TASK ITEM:
A faithful copy of the data, pictures omitted, is the required answer.

INFORMATION SHOWN:
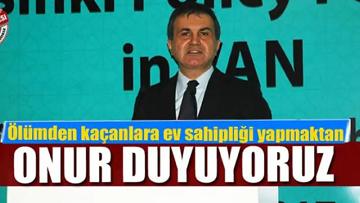Avrupa Birliği (AB) Bakanı ve Başmüzakereci Ömer Çelik, Türkiye'nin 3 milyonun üzerinde Suriyeli'ye ve 400 bin Iraklı'ya ev sahipliği yaptığını belirterek, 'Ölümden kaçan bu insanlara ev sahipliği yapmaktan büyük bir onur duyuyoruz' dedi.
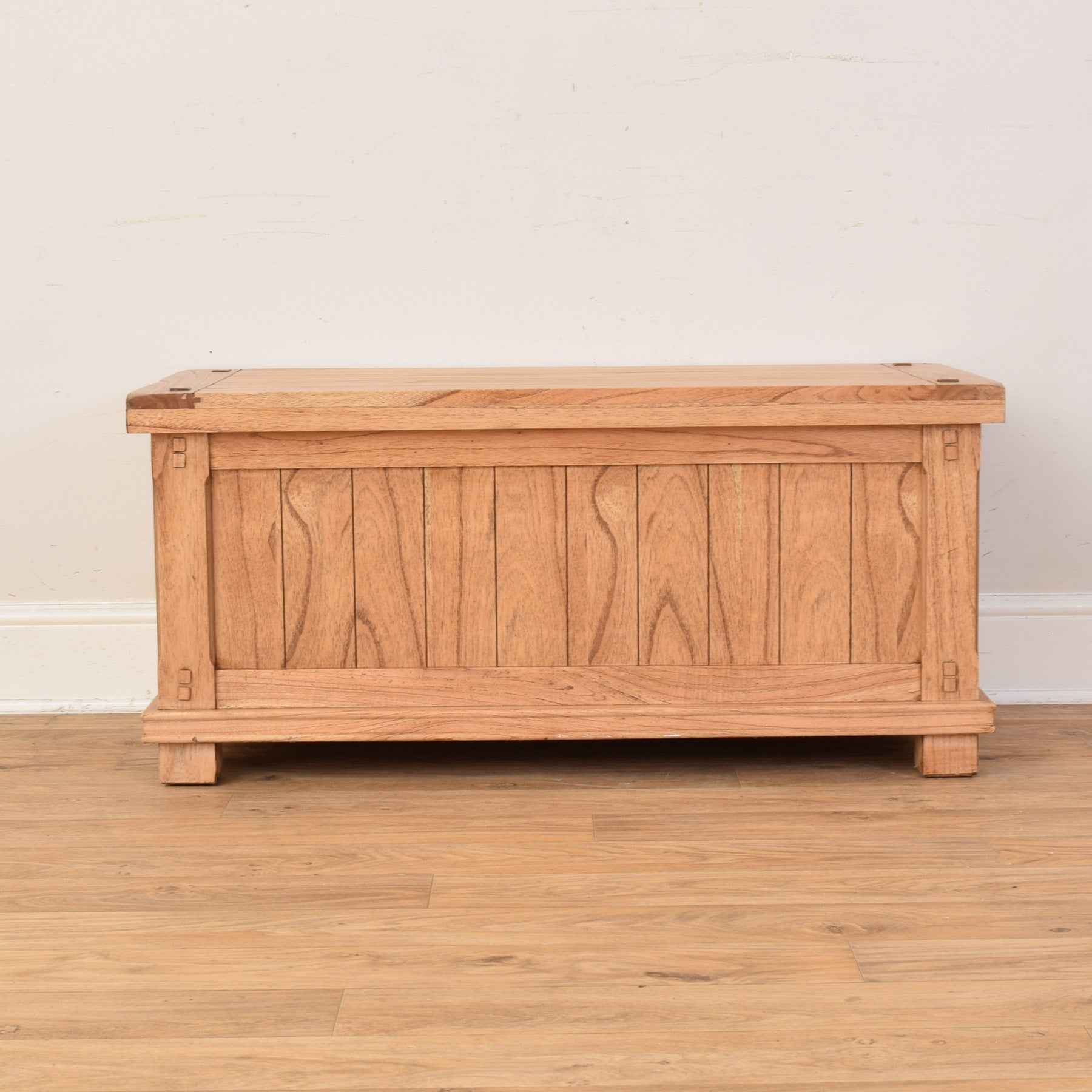 The previous darker stain has been stripped, and then multiple coats of hard-wearing matte lacquer have been applied, providing a durable long-lasting finish, while also accentuating the natural oak grain. This item is made using a mixture of solid oak and oak veneer panels, and the rear panel is made from plywood.
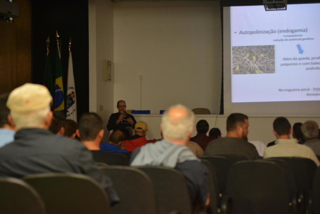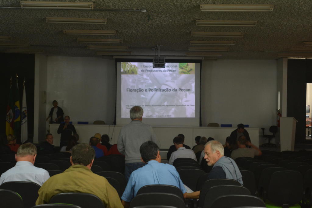 O professor Diniz Fronza, um dos atuantes na organização do evento, destaca que o objetivo do Encontro foi proporcionar melhores resultados e, consequentemente, uma melhor renda aos produtores de noz pecan. Segundo ele, existem mais de mil produtores do fruto na região, dos quais muitos se dedicam ao cultivo da noz há cinco e até dez anos. “Estamos aqui para demonstrar novas tecnologias de poda, adubação e redução da altura de plantas para um aumento da produtividade – ao invés de colher uma tonelada, colher dois mil quilos por hectare – e para melhorar a qualidade da amêndoa – ao invés de ter 45% da amêndoa, ter 55%”, destaca Diniz Fronza.

ANSWER SECTION:
Avrupa Birliği (AB) Bakanı ve Başmüzakereci Ömer Çelik, Türkiye'nin 3 milyonun üzerinde Suriyeli'ye ve 400 bin Iraklı'ya ev sahipliği yaptığını belirterek, 'Ölümden kaçan bu insanlara ev sahipliği yapmaktan büyük bir onur duyuyoruz' dedi.
 The previous darker stain has been stripped, and then multiple coats of hard-wearing matte lacquer have been applied, providing a durable long-lasting finish, while also accentuating the natural oak grain. This item is made using a mixture of solid oak and oak veneer panels, and the rear panel is made from plywood.
 O professor Diniz Fronza, um dos atuantes na organização do evento, destaca que o objetivo do Encontro foi proporcionar melhores resultados e, consequentemente, uma melhor renda aos produtores de noz pecan. Segundo ele, existem mais de mil produtores do fruto na região, dos quais muitos se dedicam ao cultivo da noz há cinco e até dez anos. “Estamos aqui para demonstrar novas tecnologias de poda, adubação e redução da altura de plantas para um aumento da produtividade – ao invés de colher uma tonelada, colher dois mil quilos por hectare – e para melhorar a qualidade da amêndoa – ao invés de ter 45% da amêndoa, ter 55%”, destaca Diniz Fronza.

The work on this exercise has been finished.